### Given data
________________________
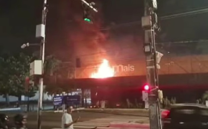 VÍDEO: estrutura em supermercado pega fogo em João Pessoa e assusta populares
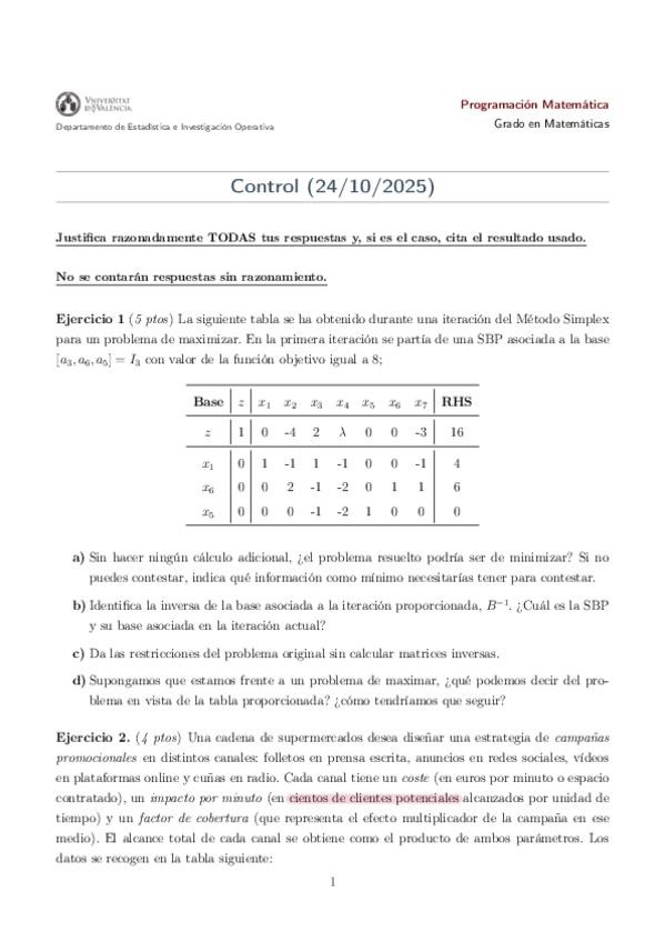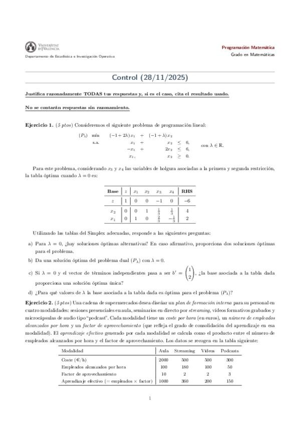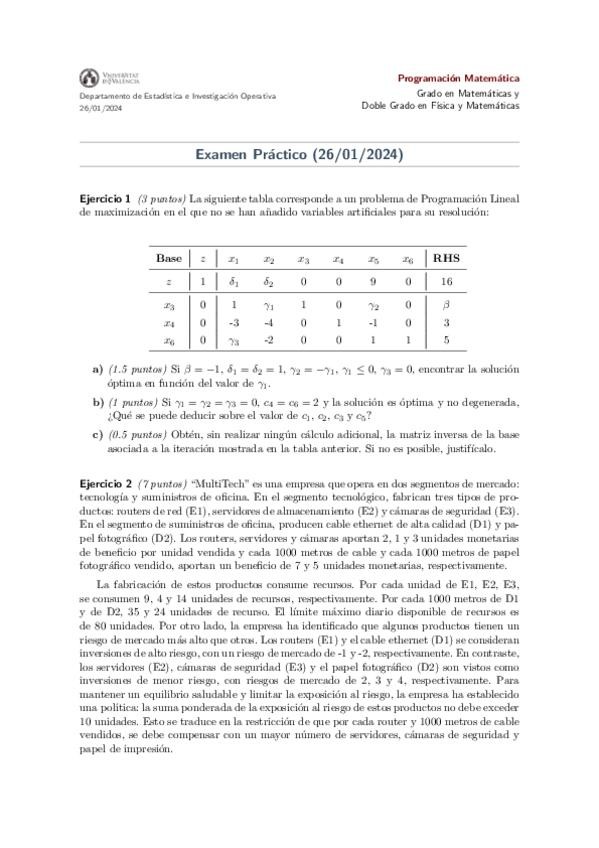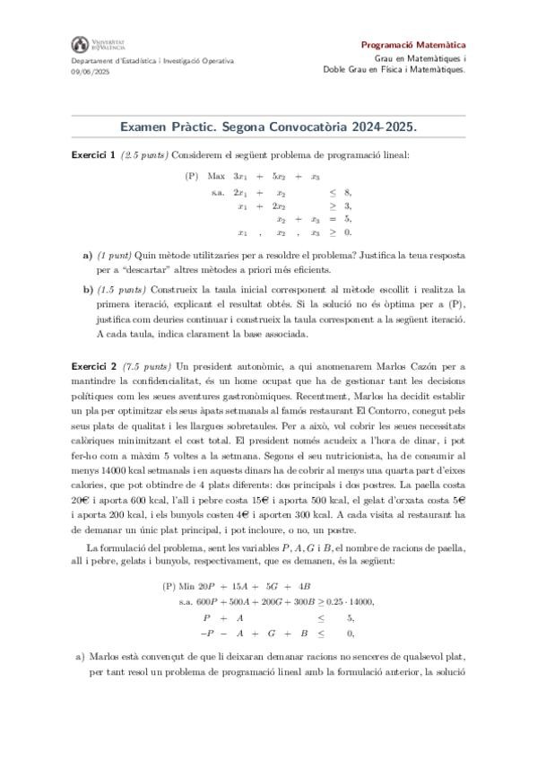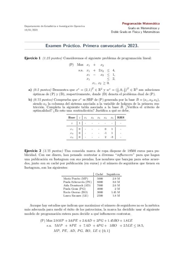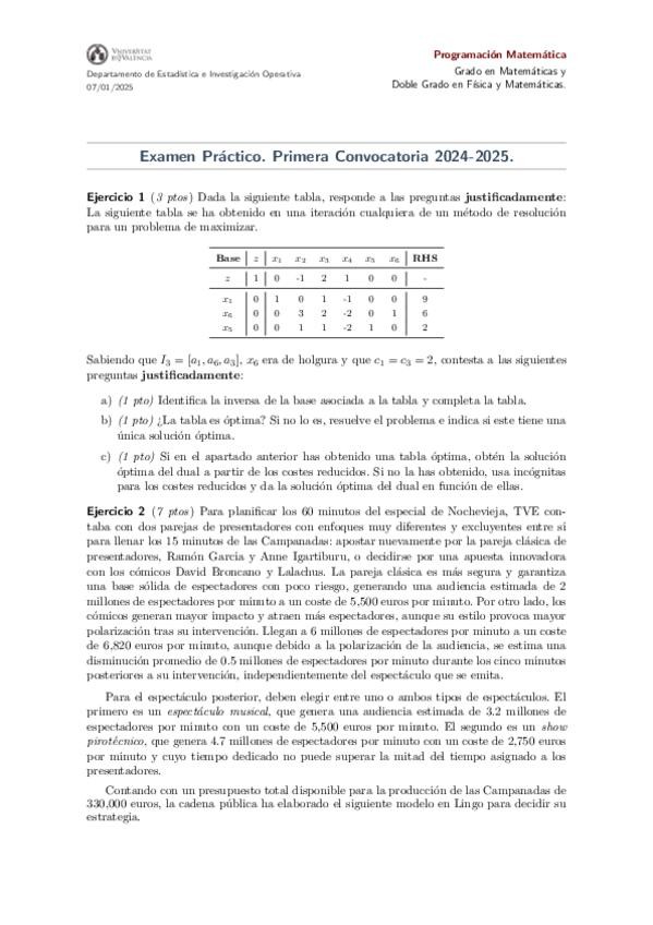 Examen de Prácticas de la primera convocatoria de Programación Matemática de 2025 corregido por Consuelo. ¡Mucha suerte en tus exámenes!
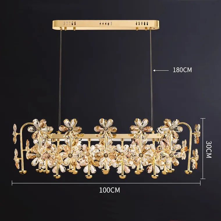 Реечный светодиодный светильник с хрустальными рассеивателями в виде цветов на изогнутых рожках
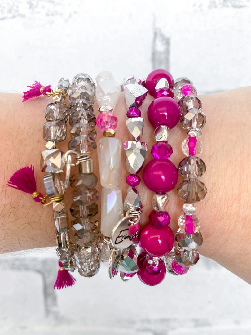 - This stack features a gorgeous combination of magenta pink, grey and white colored beads.
________________________
### Work instructions
Leaving the pictures out, copy exactly the lines from the line that contains "Реечный светодиодный светильник" to the last line of the data, both ends included.

### Answer
 Реечный светодиодный светильник с хрустальными рассеивателями в виде цветов на изогнутых рожках
 - This stack features a gorgeous combination of magenta pink, grey and white colored beads.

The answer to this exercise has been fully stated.